GPU Memory and Utilization Estimation for Training-Aware Resource Management: Opportunities and Limitations

Collocating deep learning training tasks improves GPU utilization but risks resource contention, severe slowdowns, and out-of-memory (OOM) failures. Accurate memory estimation is essential for robust collocation, and GPU utilization estimation -- a key proxy for contention -- enables interference-aware scheduling. Existing GPU memory estimators span three paradigms -- analytical models, CPU-side libraries, and ML-based estimators -- each with distinct limitations: dependence on detailed model specifications, intrusive integration, poor generalization, and varying latency overhead. GPU heterogeneity further complicates estimation, as identical tasks can exhibit different memory footprints across hardware generations. GPU utilization remains comparatively understudied, further complicated by non-additive utilization metrics and GPU heterogeneity. We conduct a systematic analysis of representative estimators from each paradigm -- Horus, PyTorch FakeTensor, and our lightweight ML-based estimator -- evaluating accuracy, generalizability, and overhead. We construct a synthetic dataset spanning MLPs, CNNs, and Transformers with controlled architectural variations, and train MLP- and Transformer-based estimators for memory prediction, and experiment with utilization estimation.

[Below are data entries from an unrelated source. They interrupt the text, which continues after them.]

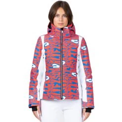Affichant un imprimé coloré d’inspiration 70’s sur un design sobre, ce modèle sait se distinguer et soigner sa technicité puisqu’il est fabriqué dans des matières stretch aux coutures étanches et aux propriétés imperméable et respirante. Ainsi, il garde les skieuses au sec durablement, mais également au chaud grâce à son isolation synthétique légère. De plus, des panneaux d’aisances extensibles sont placés pour décupler la sensation de liberté.
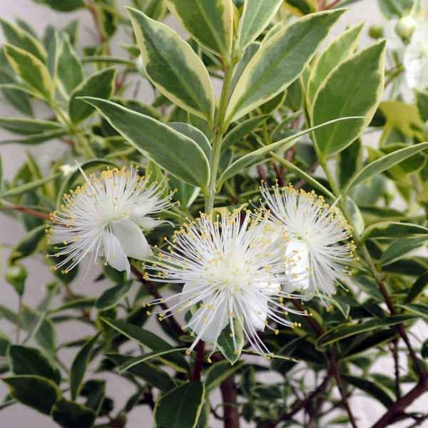 ハーブとしても人気の常緑低木 カラーリーフ 庭園植栽・鉢植えに花木 庭木の苗/マートル(ギンバイカ・銀梅花):細葉斑入り4号ポット★入荷から日数が経ったためセール価格となりました。商品の状態は画像と異なる場合があります。★マートルは地中海沿岸から南西ヨーロッパ原産のフトモモ科の常緑低木。和名はギンバイカです。ギリシャ神話では美の女神ヴィーナスと愛の象徴とされることから、結婚式のリースにも使われます。5〜6月に梅のような花弁でおしべが多数ある独特の花を咲かせ、光沢のある葉は強い香りを放ちます。耐寒性もあり、ヨーロッパ風の庭園樹として注目されています。この品種は斑入りの細葉タイプで成長が遅めなので、鉢植えや狭いスペースの植栽にも好適です。この品種は一般的な斑入りマートルよりも葉が細く、スタイリッシュな印象です。タイプ:フトモモ科の耐寒性常緑低木樹高:約1m前後花期:5〜6月日照:日向むき耐寒性:マイナス5度栽培方法:日当たり、水はけのよい場所に植えてください。できれば、風雨のあまりあたらない場所の方がよいです。花後の8月上旬に翌年の花芽ができるので、剪定は花後すぐに行います。長く伸びすぎた枝は樹形を乱し花付きも悪いので、先端を切り詰めます。また、枯れた枝や重なり合った枝、逆枝(地面に向かって伸びる枝)もあれば切り落とします。 耐寒性はありますが、強い寒さは苦手で寒風や霜にあたると枯れることがあります。寒冷地では鉢植えにして冬は室内に取り込んでください。夏から晩夏にかけて、茎を切り取り挿木をして殖やすことができます。ハーブとしての収穫・利用方法:蕾や開花したばかりの花が香りが強いので、摘み取って利用します。葉も随時摘み取り、どちらも乾燥させてポプリやハーブピローに利用してください。蕾や花はガクをとってサラダに散らしてエディブルフラワーとしても利用できます。ローストポークを作る際に、焼き上がりの10分前にマートルの小枝を敷くと、香りが良いです。4号(直径12cm)ポット入り、樹高約5〜15cm前後です。樹高は多少前後します。夏以降春先までは葉が傷んだ状態の場合がございます。写真は成長・開花時のイメージです。
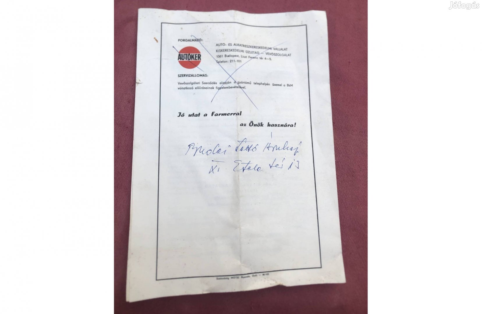 Régi Autoker irat 850 Ft
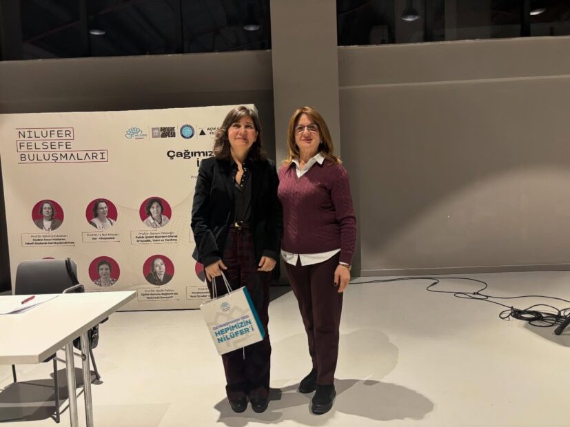 Söyleşinin sonunda Nilüfer Belediye Başkanı Şadi Özdemir’in eşi Nuray Özdemir, günün anısına Prof. Dr. Sanem Yazıcıoğlu’na hediye verdi.
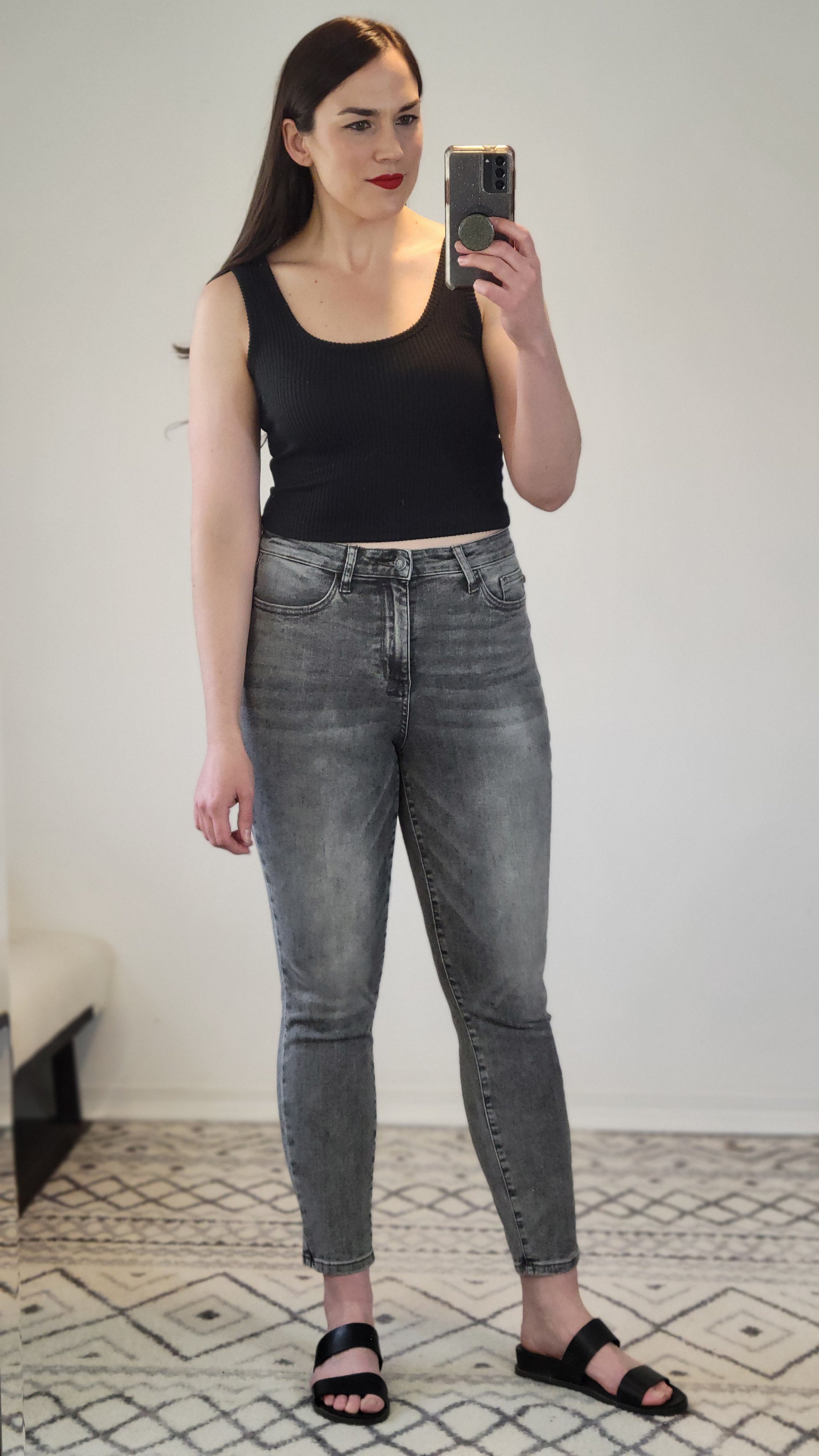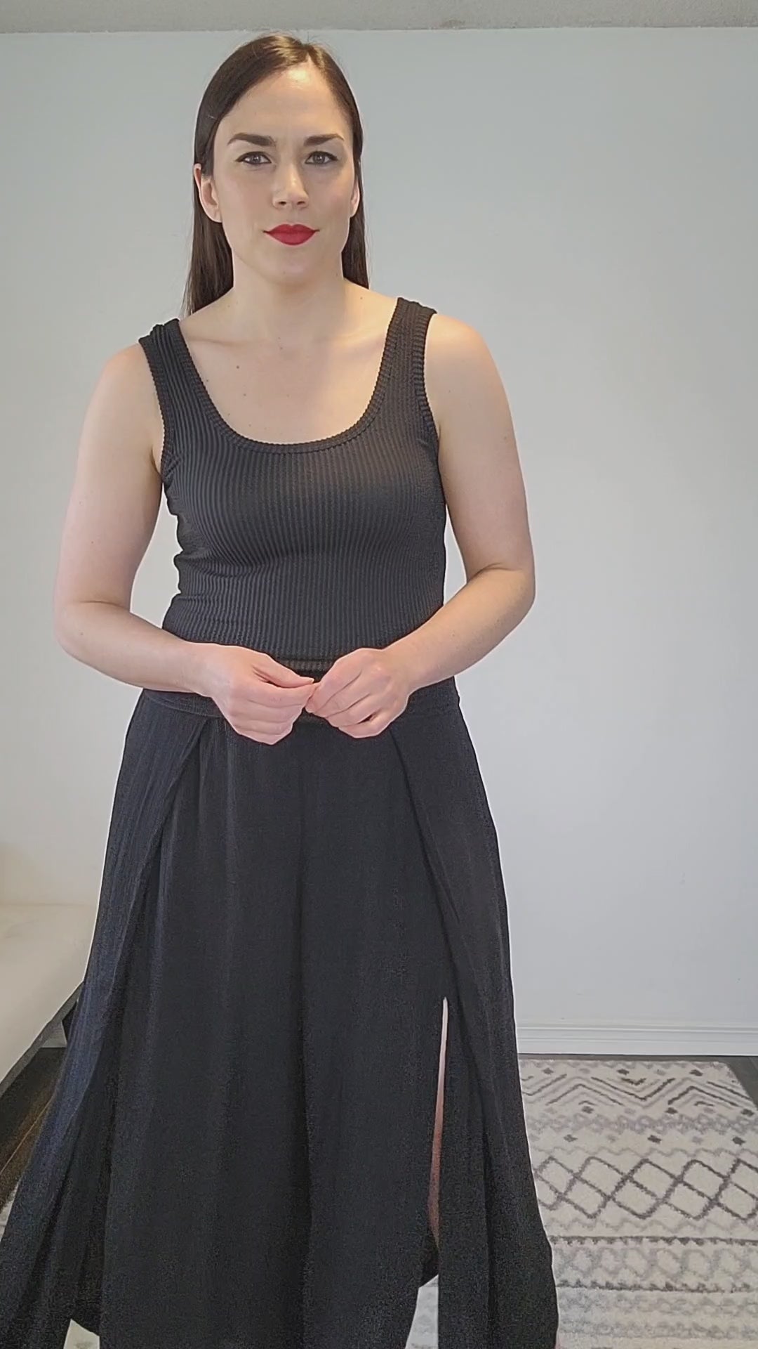 Details: You will love this two tone black and charcoal ribbed scoop neck tank top! Soft stretchy material and a good length for a crop top. So versatile! Pair with your favorite high waisted pants.
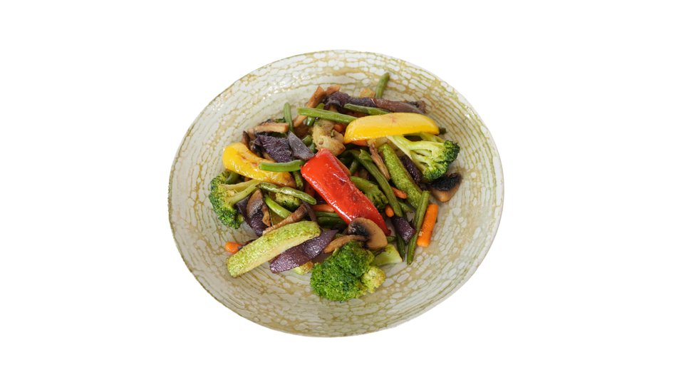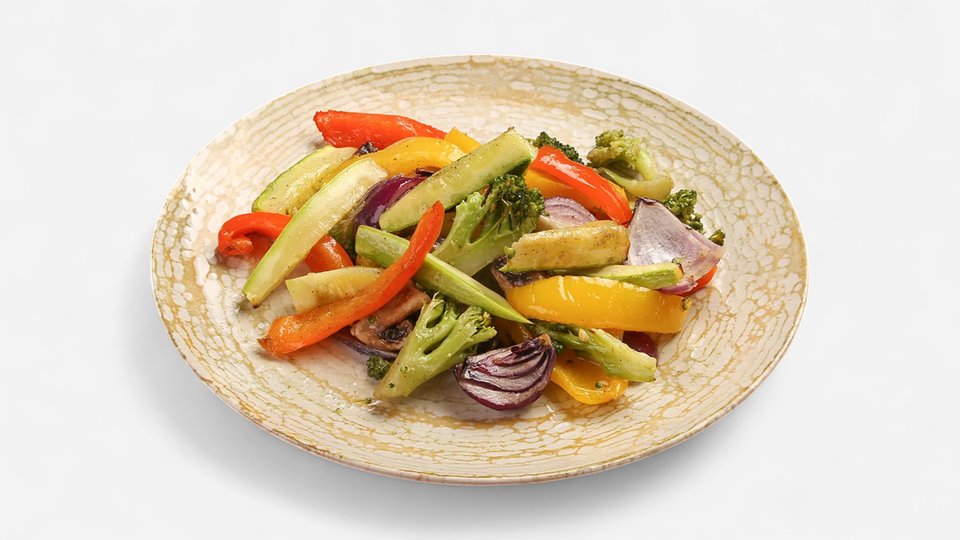 Dovlecel,ardei gras, broccoli,ciuperci,ceapă roșie,ulei de floarea soarelui,sare, piper. 320 gr
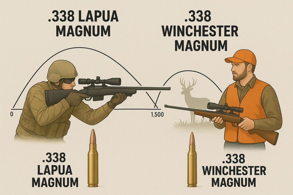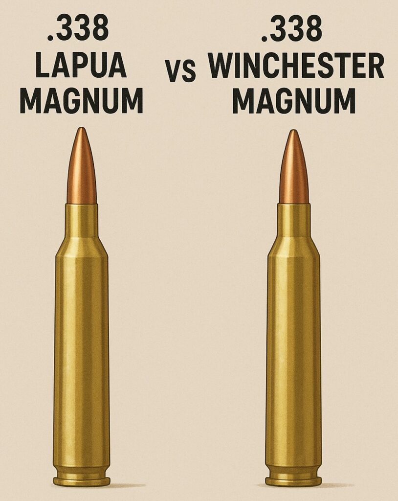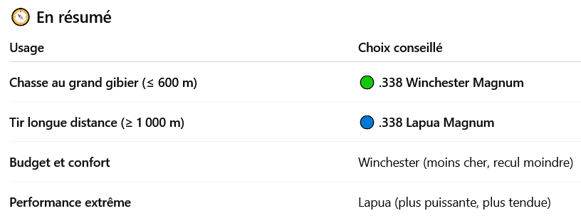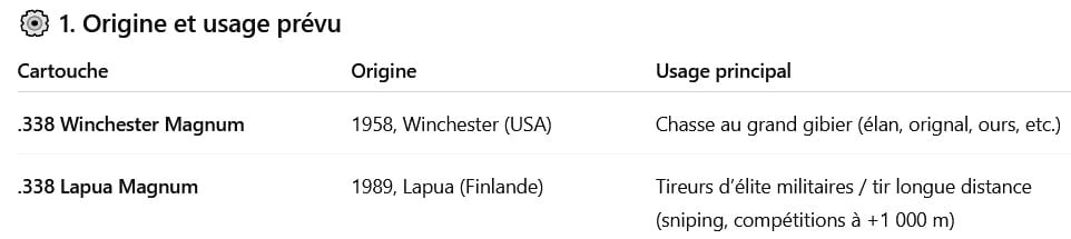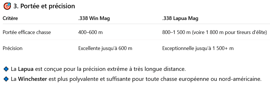 « La 338 Lapua Magnum et la 338 Winchester Magnum sont deux cartouches de calibre similaire (toutes deux utilisent des balles de 8,6 mm), mais elles diffèrent nettement en puissance, portée, usage et conception. Voici une comparaison claire » :
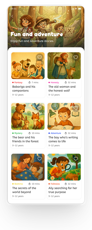 Browse bedtime tales, fairy tales, and fun adventures.
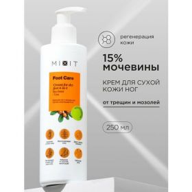 Миксит Восстанавливающий крем с мочевиной, ментолом и кокосом для ухода за очень сухой кожей ног и пяточек Foot Care Cream for dry feet 6-in-1. Уходовое средство борется против трещин, натоптышей и мозолей на пятках. Обеспечивает увлажнение и питание кожи стоп, восстановление и снятие усталости, смягчение сухих пяток.

Our evaluation reveals key tradeoffs and validates estimators against real-world unseen models. Significant challenges remain: analytical models lack generalization and cannot easily be extended to new GPU architectures or accurately reflect memory optimization savings; CPU-side libraries impose intrusive integration overhead; and both analytical and ML-based estimators rely on model specifications or computation graphs, limiting generalization across diverse architectures and hardware variants. We release all datasets, tools, and artifacts to support further research.

翻译：共置深度学习训练任务可提升GPU利用率，但会引发资源争用、严重性能下降及内存溢出（OOM）故障。精确的内存估算对于鲁棒共置至关重要，而GPU利用率估算作为争用的关键代理指标，可实现干扰感知调度。现有GPU内存估算器涵盖三种范式——解析模型、CPU侧库及基于机器学习的估算器——其局限性各异：依赖详细模型规范、侵入式集成、泛化能力差及延迟开销差异。GPU异构性进一步加剧估算难度，相同任务在不同硬件代际间可能呈现不同内存占用。GPU利用率研究相对不足，非加和性利用率指标与GPU异构性使其更为复杂。我们对各范式的代表性估算器——Horus、PyTorch FakeTensor及轻量级机器学习估算器——进行系统分析，评估其准确性、泛化能力及开销。构建包含MLP、CNN及Transformer的人工数据集，通过控制架构变量训练基于MLP和Transformer的内存预测模型，并实验探索利用率估算。评估揭示了关键权衡，并在真实未见模型上验证了估算器有效性。当前仍存重大挑战：解析模型缺乏泛化能力，难以扩展至新型GPU架构或准确反映内存优化收益；CPU侧库引入侵入式集成开销；解析与机器学习估算器均依赖模型规范或计算图，限制了对多样化架构与硬件变体的泛化能力。我们开源所有数据集、工具及制品以支持后续研究。